*** RECORDS FOR THIS TASK

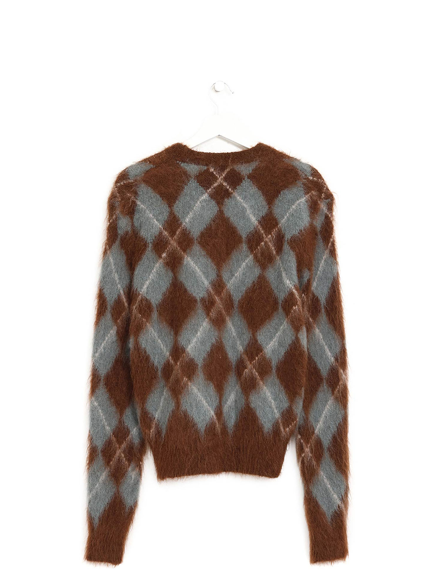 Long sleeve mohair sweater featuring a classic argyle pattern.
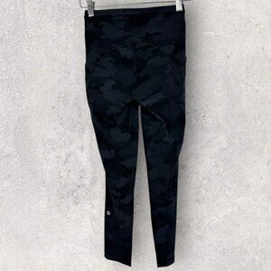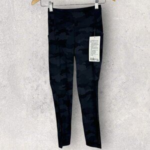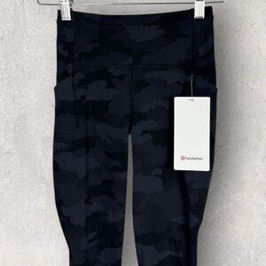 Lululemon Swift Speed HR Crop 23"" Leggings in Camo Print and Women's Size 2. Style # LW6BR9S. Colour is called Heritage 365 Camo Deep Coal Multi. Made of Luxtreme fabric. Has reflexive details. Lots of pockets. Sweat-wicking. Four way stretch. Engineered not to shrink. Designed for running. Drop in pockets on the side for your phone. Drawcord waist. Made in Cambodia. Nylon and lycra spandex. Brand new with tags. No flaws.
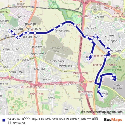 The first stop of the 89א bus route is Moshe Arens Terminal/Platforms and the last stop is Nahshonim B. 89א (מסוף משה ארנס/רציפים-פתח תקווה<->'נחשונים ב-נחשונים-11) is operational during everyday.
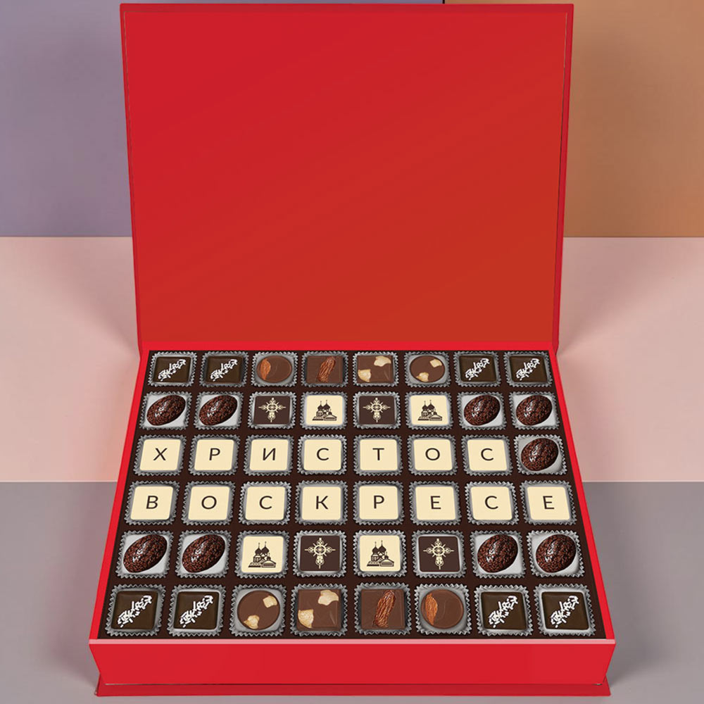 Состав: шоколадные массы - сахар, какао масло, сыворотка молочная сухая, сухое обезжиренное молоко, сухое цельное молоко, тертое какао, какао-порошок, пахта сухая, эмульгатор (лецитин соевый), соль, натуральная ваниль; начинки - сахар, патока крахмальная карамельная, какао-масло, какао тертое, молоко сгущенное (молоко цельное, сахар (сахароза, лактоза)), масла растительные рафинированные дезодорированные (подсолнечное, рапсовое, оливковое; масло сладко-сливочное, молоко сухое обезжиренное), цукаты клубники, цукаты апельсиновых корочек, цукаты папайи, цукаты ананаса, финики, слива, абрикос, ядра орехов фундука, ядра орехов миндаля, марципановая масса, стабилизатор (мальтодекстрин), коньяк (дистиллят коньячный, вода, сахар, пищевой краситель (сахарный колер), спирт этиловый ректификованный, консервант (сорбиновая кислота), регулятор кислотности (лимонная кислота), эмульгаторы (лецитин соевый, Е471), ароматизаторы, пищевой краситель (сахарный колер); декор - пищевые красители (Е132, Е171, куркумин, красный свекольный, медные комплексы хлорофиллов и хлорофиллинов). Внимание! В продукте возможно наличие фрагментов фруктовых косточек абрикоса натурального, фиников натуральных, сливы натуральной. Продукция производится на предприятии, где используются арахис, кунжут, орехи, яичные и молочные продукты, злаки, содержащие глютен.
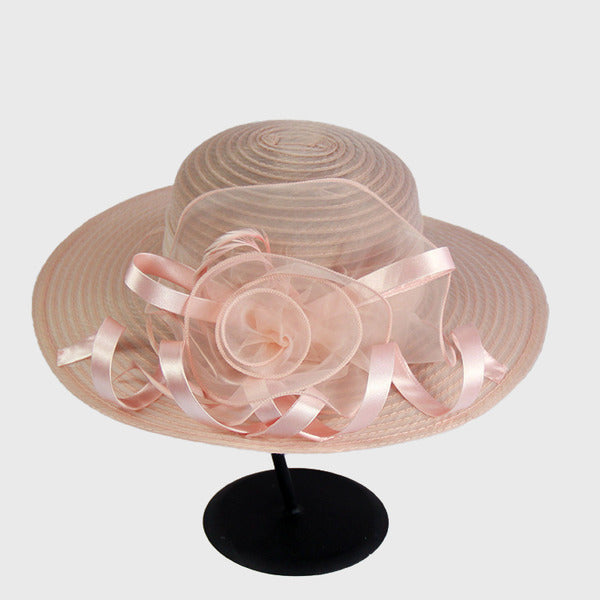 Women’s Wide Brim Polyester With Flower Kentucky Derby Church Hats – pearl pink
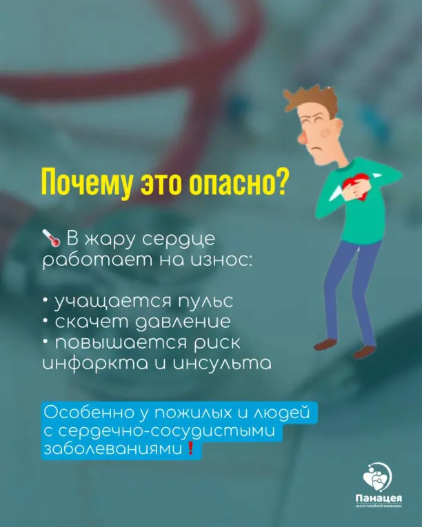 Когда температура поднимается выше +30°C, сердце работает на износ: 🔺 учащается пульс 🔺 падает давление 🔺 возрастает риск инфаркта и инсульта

******

- YOUR GOAL -
Starting at the line that holds "Women’s Wide Brim", copy each line exactly through the end of the material above, keeping both ends and dropping the pictures.

- OUTPUT OF THE TASK -
 Women’s Wide Brim Polyester With Flower Kentucky Derby Church Hats – pearl pink
 Когда температура поднимается выше +30°C, сердце работает на износ: 🔺 учащается пульс 🔺 падает давление 🔺 возрастает риск инфаркта и инсульта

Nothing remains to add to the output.